++++ THE INPUT ++++

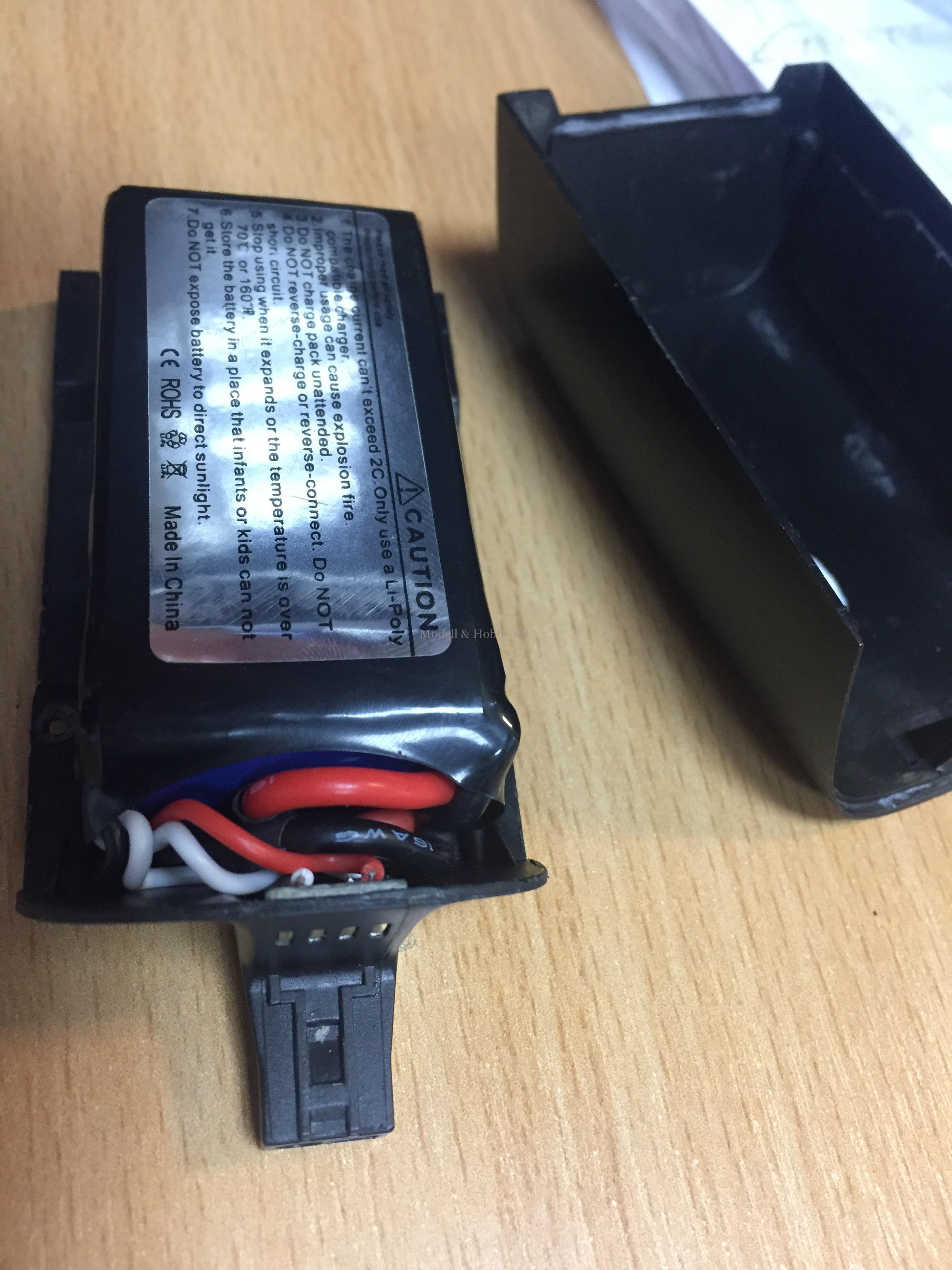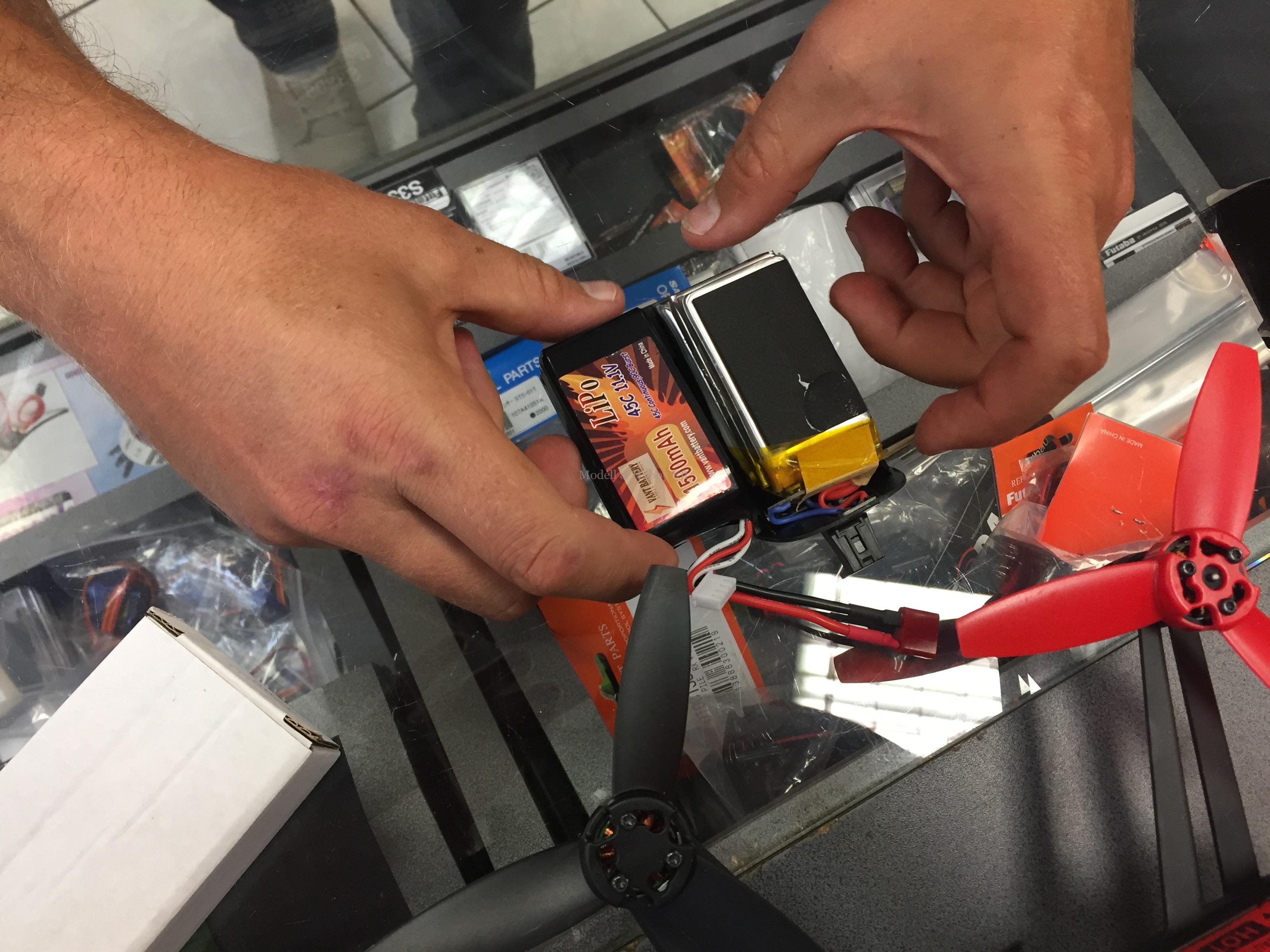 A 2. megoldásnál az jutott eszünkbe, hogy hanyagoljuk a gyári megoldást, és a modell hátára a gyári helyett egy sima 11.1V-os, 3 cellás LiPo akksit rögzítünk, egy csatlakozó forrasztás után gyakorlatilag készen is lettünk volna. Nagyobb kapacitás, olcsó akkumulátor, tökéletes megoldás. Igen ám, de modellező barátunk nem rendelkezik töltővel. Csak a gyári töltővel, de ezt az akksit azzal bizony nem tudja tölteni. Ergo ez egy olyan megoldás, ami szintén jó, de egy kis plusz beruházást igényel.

++++
++++ THE INPUT ++++

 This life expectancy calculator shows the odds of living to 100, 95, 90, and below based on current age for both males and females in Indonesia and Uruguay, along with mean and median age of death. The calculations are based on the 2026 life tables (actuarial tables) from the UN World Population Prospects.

++++
++++ THE INPUT ++++

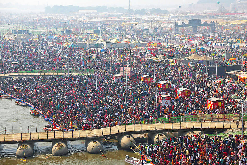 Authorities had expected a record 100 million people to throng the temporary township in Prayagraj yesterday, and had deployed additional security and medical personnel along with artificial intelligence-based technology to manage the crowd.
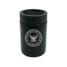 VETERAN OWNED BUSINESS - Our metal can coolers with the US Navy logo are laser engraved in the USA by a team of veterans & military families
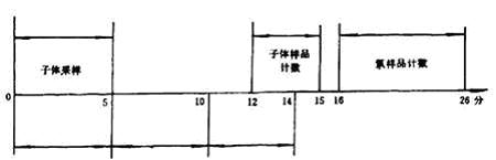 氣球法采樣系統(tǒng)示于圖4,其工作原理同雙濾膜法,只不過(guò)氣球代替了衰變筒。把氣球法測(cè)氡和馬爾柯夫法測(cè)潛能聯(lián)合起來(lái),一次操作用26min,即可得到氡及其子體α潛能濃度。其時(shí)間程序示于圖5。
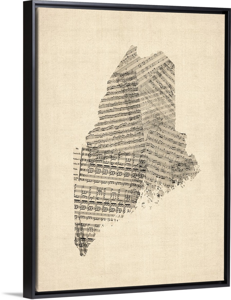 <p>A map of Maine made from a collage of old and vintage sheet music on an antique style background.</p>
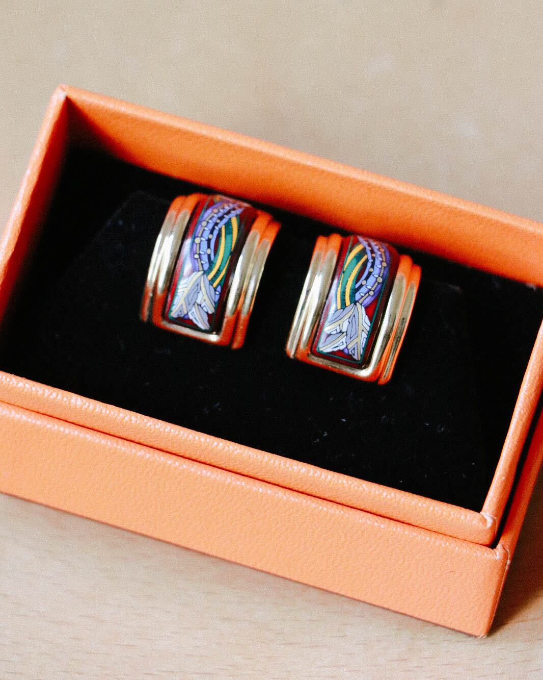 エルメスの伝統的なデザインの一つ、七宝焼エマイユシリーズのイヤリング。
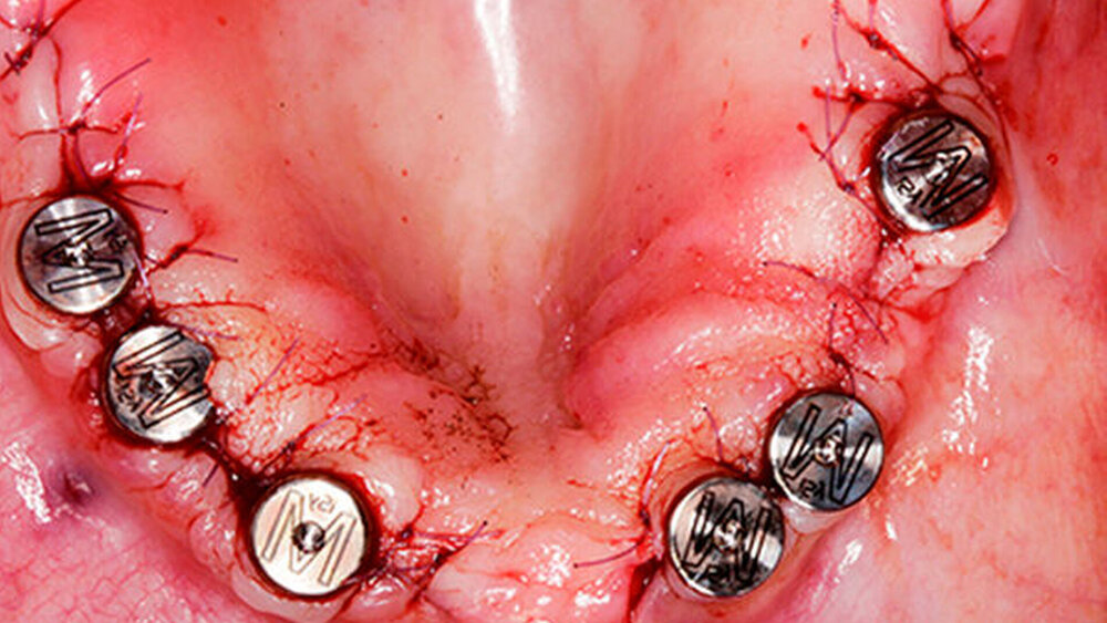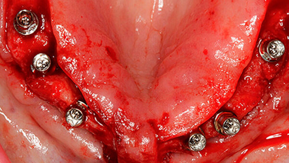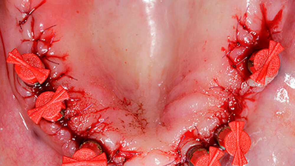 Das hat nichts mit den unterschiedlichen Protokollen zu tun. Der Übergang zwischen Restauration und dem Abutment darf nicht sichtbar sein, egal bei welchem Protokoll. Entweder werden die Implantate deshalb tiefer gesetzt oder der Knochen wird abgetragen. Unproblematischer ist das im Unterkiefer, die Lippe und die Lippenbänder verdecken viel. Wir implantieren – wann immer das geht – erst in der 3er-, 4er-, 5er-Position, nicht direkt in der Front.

++++

EXERCISE: In the material above, one part opens with the line containing "氣球法采樣系統(tǒng)示" and closes with the line containing "Das hat nichts". Write out that part exactly and skip its pictures.

RESPONSE TO THIS TASK:
 氣球法采樣系統(tǒng)示于圖4,其工作原理同雙濾膜法,只不過(guò)氣球代替了衰變筒。把氣球法測(cè)氡和馬爾柯夫法測(cè)潛能聯(lián)合起來(lái),一次操作用26min,即可得到氡及其子體α潛能濃度。其時(shí)間程序示于圖5。
 <p>A map of Maine made from a collage of old and vintage sheet music on an antique style background.</p>
 エルメスの伝統的なデザインの一つ、七宝焼エマイユシリーズのイヤリング。
 Das hat nichts mit den unterschiedlichen Protokollen zu tun. Der Übergang zwischen Restauration und dem Abutment darf nicht sichtbar sein, egal bei welchem Protokoll. Entweder werden die Implantate deshalb tiefer gesetzt oder der Knochen wird abgetragen. Unproblematischer ist das im Unterkiefer, die Lippe und die Lippenbänder verdecken viel. Wir implantieren – wann immer das geht – erst in der 3er-, 4er-, 5er-Position, nicht direkt in der Front.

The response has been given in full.